Tuesday 22 January 2008

Lisbon referendum dilemma

The constitutional setting and the political forces vary between the different EU member states, but at the level of principles, governments, legislators and citizens have cause for thought. Even if one’s own country would be on a clear path to parliamentary ratification of the Lisbon treaty, what happens in the other countries is a common concern.

Just as a majority of all car drivers think that they are better than the majority, it is nearly self-evident that citizens are ready to relieve their elected representatives of the burden to decide, if anyone arranges an opinion poll to find out ‘what the people think’. Thus, there is always some mileage to be got out of demanding a referendum for a politician out of government, especially if he is unlikely to be voted into office in the near future.

The Treaty of Lisbon is no different in this respect from purely domestic issues, but it highlights the discrepancy between a domestic debate and consequences for the rest of the European Union.

The conflicting pressures are most acutely felt in countries where the political leaders promised a referendum on the Treaty establishing a Constitution for Europe.

The similarities between the Constitutional Treaty and the watered down Lisbon Treaty are obvious, but they have been in the public domain since the June IGC 2007 mandate. No surprise there.

Referendum is a stickier matter, in my opinion.
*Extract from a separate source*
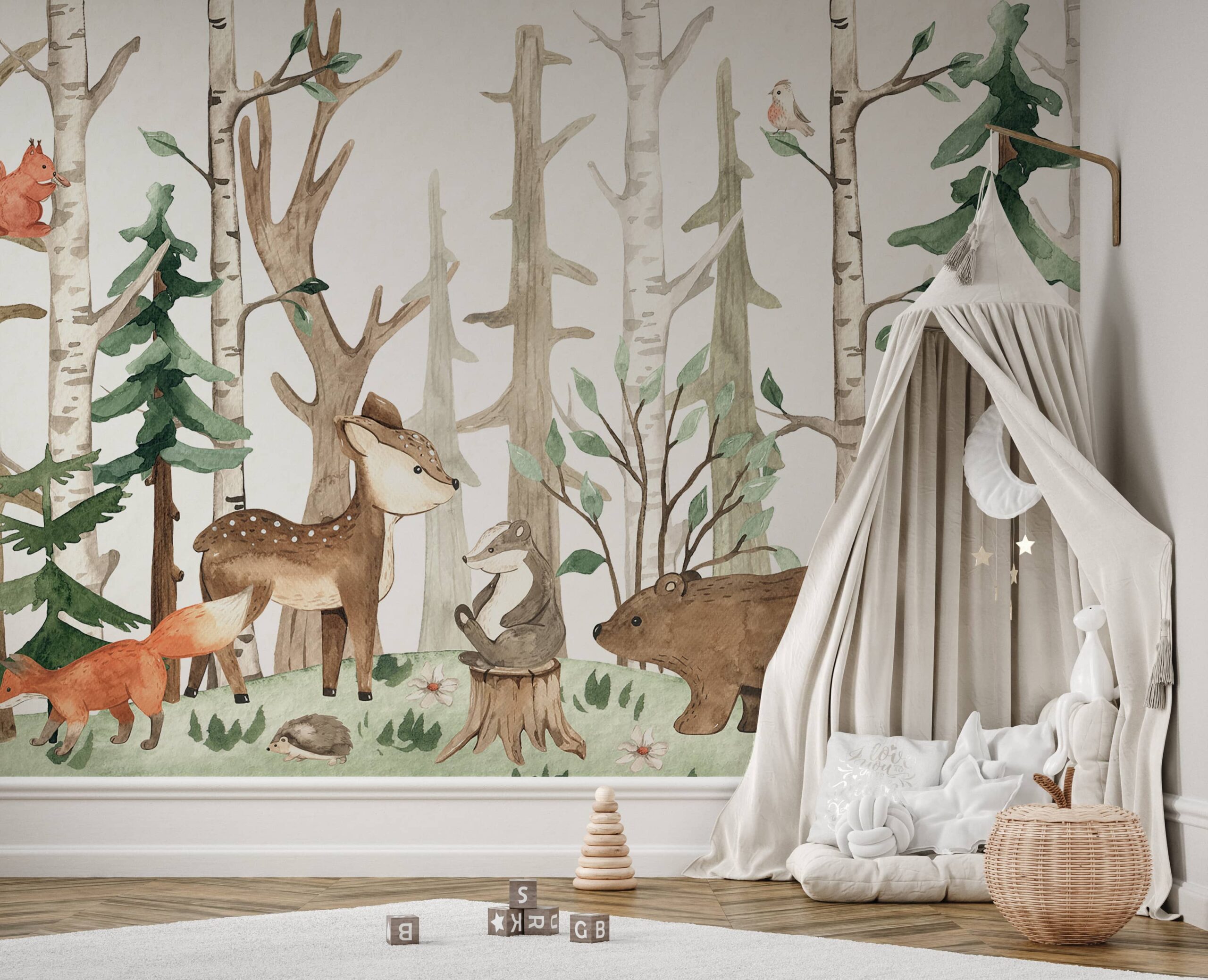 Transportoni fëmijën tuaj në botën magjike të pyllit me muralin “Forest Pack”. Ky model unik me bojëra uji përshkruan një pyll të qetë plot me kafshë miqësore – nga ketrat, dhelprat, drerët, iriqët, te arinjtë dhe një lepur. Ngjyrat delikate, linjat e buta dhe personazhet miqësorë krijojnë një atmosferë të ngrohtë dhe komode, të favorshme për qetësi dhe zhvillimin e imagjinatës.

It was not prudent for governments to get carried away by promising referendums in the first place. Despite its name, the ‘Constitution’ was, despite its pompous name, first and foremost an exercise in improved internal decision making in an enlarged Union. As a by-product, the different layers of previous treaty reform would have been tidied up and presented in an overly long, but fairly readable form.
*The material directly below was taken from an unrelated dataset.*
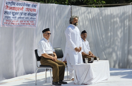 राष्ट्रीय स्वयंसेवक संघ के शताब्दी वर्ष के अवसर पर आज आकृति बस्ती, नेहरू नगर में पथ संचलन का आयोजन किया गया। कार्यक्रम का शुभारंभ करुणाधाम आश्रम से हुआ, जिसकी अध्यक्षता एवं आशीर्वचन परम श्रद्धेय श्री सुदेश शांडिल्य जी महाराज ने प्रदान किए।

But after promising, the weaknesses of the EU's treaty basis, which should have been evident, have been more widely understood: Unanimity between governments and then separate majorities (often qualified) in national parliaments (perhaps different chambers) is hard enough in a Union with 27 members, given the vagaries of politics. If national referendums were the norm, separate majorities in all 27 of them would be an additional hurdle, almost guaranteed to wreck any attempt.

Thus, there is an ethical and a practical dilemma. What should a national leader do, given the outcome for the EU as a whole:

Honour stupid promises and accept permanent deadlock?

Ram through an 'elitist' Constitutional Treaty minus?

Found a new Union (perhaps for a smaller number of members) based on the EU citizens, with a real democratic Constitution?